Take a quiz first!

Look at the below picture. Which out of these two trees seems more inviting to you?

But what is a fractal?

Compared to the right-side abomination, most of you might agree that the left tree appears to be more joyful, friendly, and less spooky. But, when they’re both made up of similar-looking branches, why do you dislike the right image so much more than the left?

The reason for this is simple: the left side tree is fractal, but the right side tree isn’t.

A fractal is a type of infinitely complex mathematical shape. In essence, a fractal is a pattern that repeats indefinitely, and every part of the fractal, no matter how zoomed in or out, appears to be identical to the entire image.

To be classified as a fractal, a shape does not have to be exactly identical. Instead, any shape that displays inherent and repeating similarities can be classified as a fractal.

Sounds pretty cool, but is this the first time you’ve heard of it? Well, it isn’t entirely new. Truth be told, we’ve been seeing fractals our entire lives—they’re all around us, and they’re at the heart of everything natural.

Nature and Fractals

The above tree that you see is a fractal in nature that propagates by dividing each branch/path into two separate branches/paths.

The main trunk of the tree is the origin point for the fractal. Each set of branches that grow off the main trunk subsequently have their own branches that continue to grow and have branches of their own. Eventually, the branches become small enough they become twigs, and these twigs will eventually grow into bigger branches and have twigs of their own.

This cycle creates an “infinite” pattern of tree branches. So basically, each branch of the tree resembles a smaller scale version of the whole shape. Crazy right?

When thinking about fractals, some of the images that come to my mind include animal circulatory systems, snowflakes, lightning and electricity, plants and leaves, geographic terrain and river systems, clouds, crystals – honestly, the list can go on and on. There’s no doubt that these elements of fractals in nature are so beautiful, and we spend hours basking in their beauty.
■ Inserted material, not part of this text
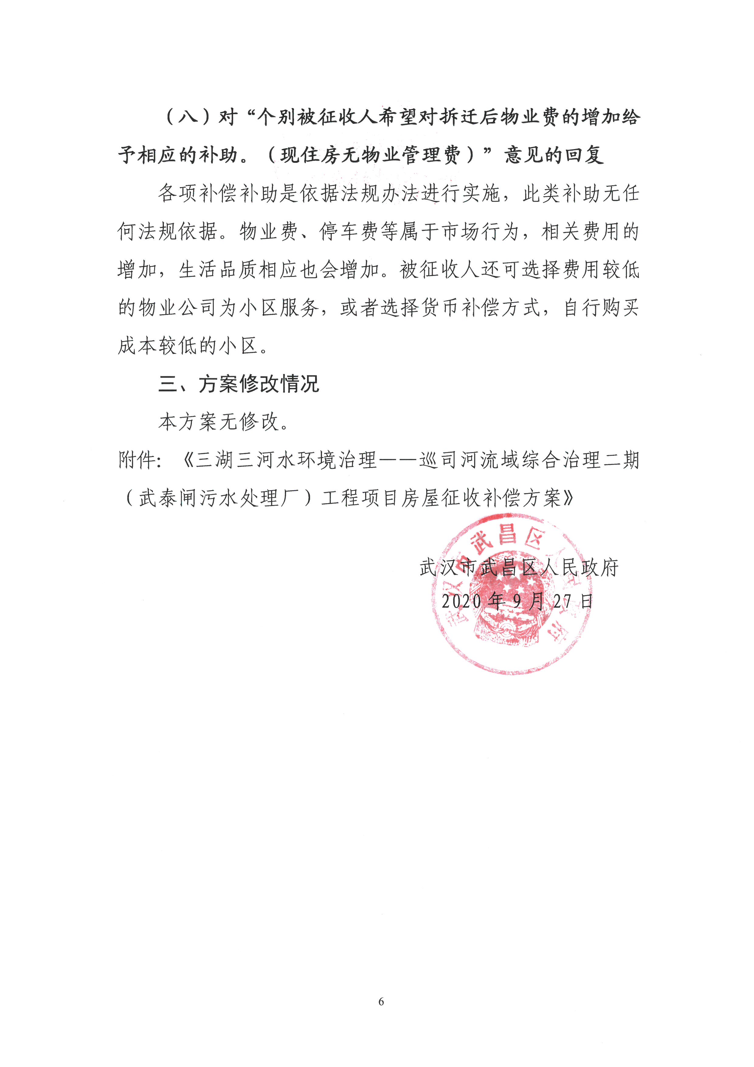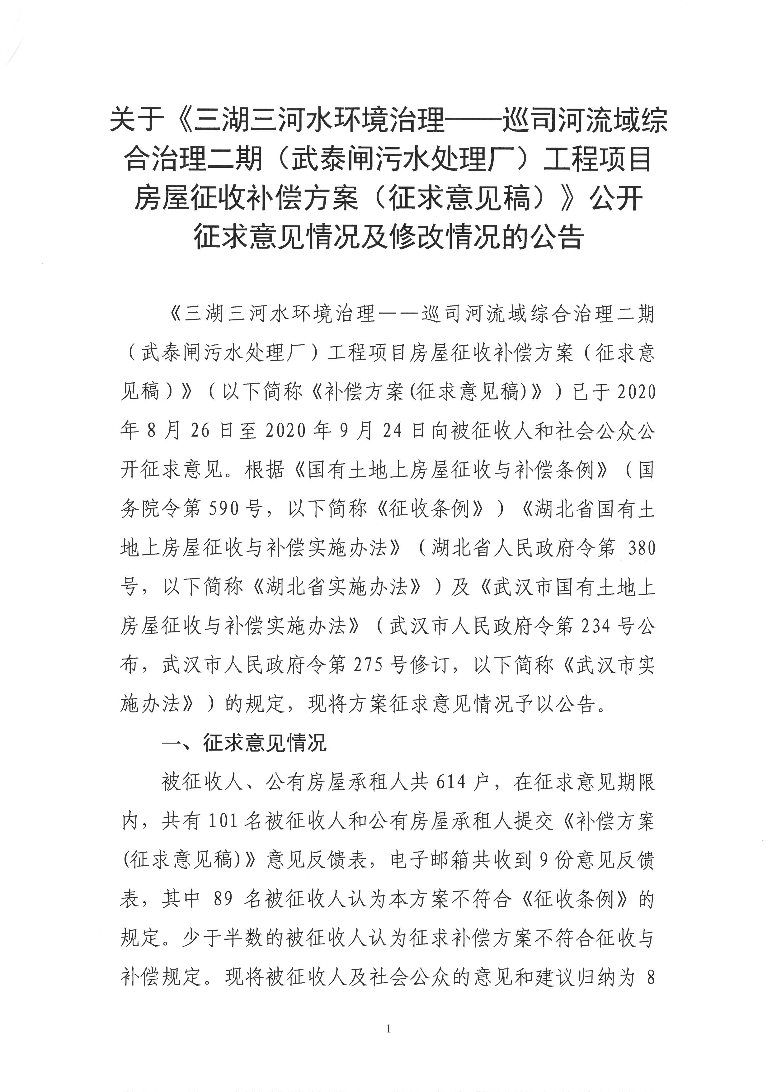 关于《三湖三河水环境治理——巡司河流域综合治理二期(武泰闸污水处理厂)工程项目房屋征收补偿方案(征求意见稿)》公开征求意见情况及修改情况的公告

So here’s a question, what if we are attracted to all the natural elements because they are fractals and not because they are organic?

Which leads us to the bigger question, “Could items not found in nature, such as paintings and architectural elements, evoke similar positive psychological and physiological responses by simply adding fractals into them?”
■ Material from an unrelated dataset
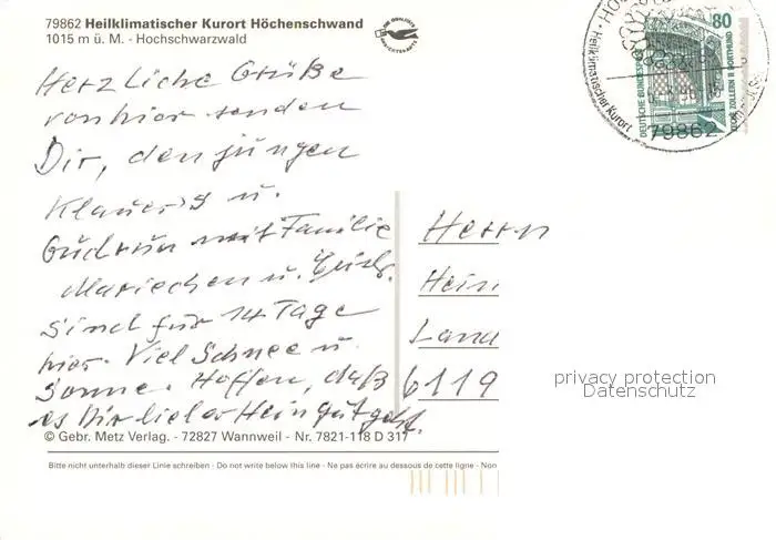 Hoechenschwand Teilansichten Wintersportplatz Schwarzwald Loipe Skipiste Hoechenschwand postalisch gelaufen 1996 Erhaltung siehe scans [FriedD77] Frierer
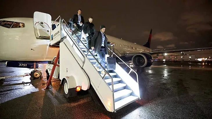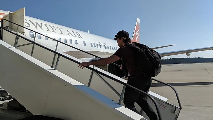 Джастин Фолк садится в самолет.

Let’s see how fractals fit into nature, design and architecture.

Early hierarchical patterns and settlements

Mathematician Ron Eglash discovered numerous examples of self-similar structures in Africa, which did not only arrange dwelling units, rooms, etc. but also corresponded to the social and religious hierarchy. Furthermore, Eglash emphasized the self-similarity, not similarity between occurring fractal structures, in order to not convey a generalizing view of African vernacular architecture. (Eglash 2007)

Fractals and Indian temple architecture

Hindu temples in India are perhaps one of the best examples of fractal geometry in architecture that have been built long before the development of Fractal Theory.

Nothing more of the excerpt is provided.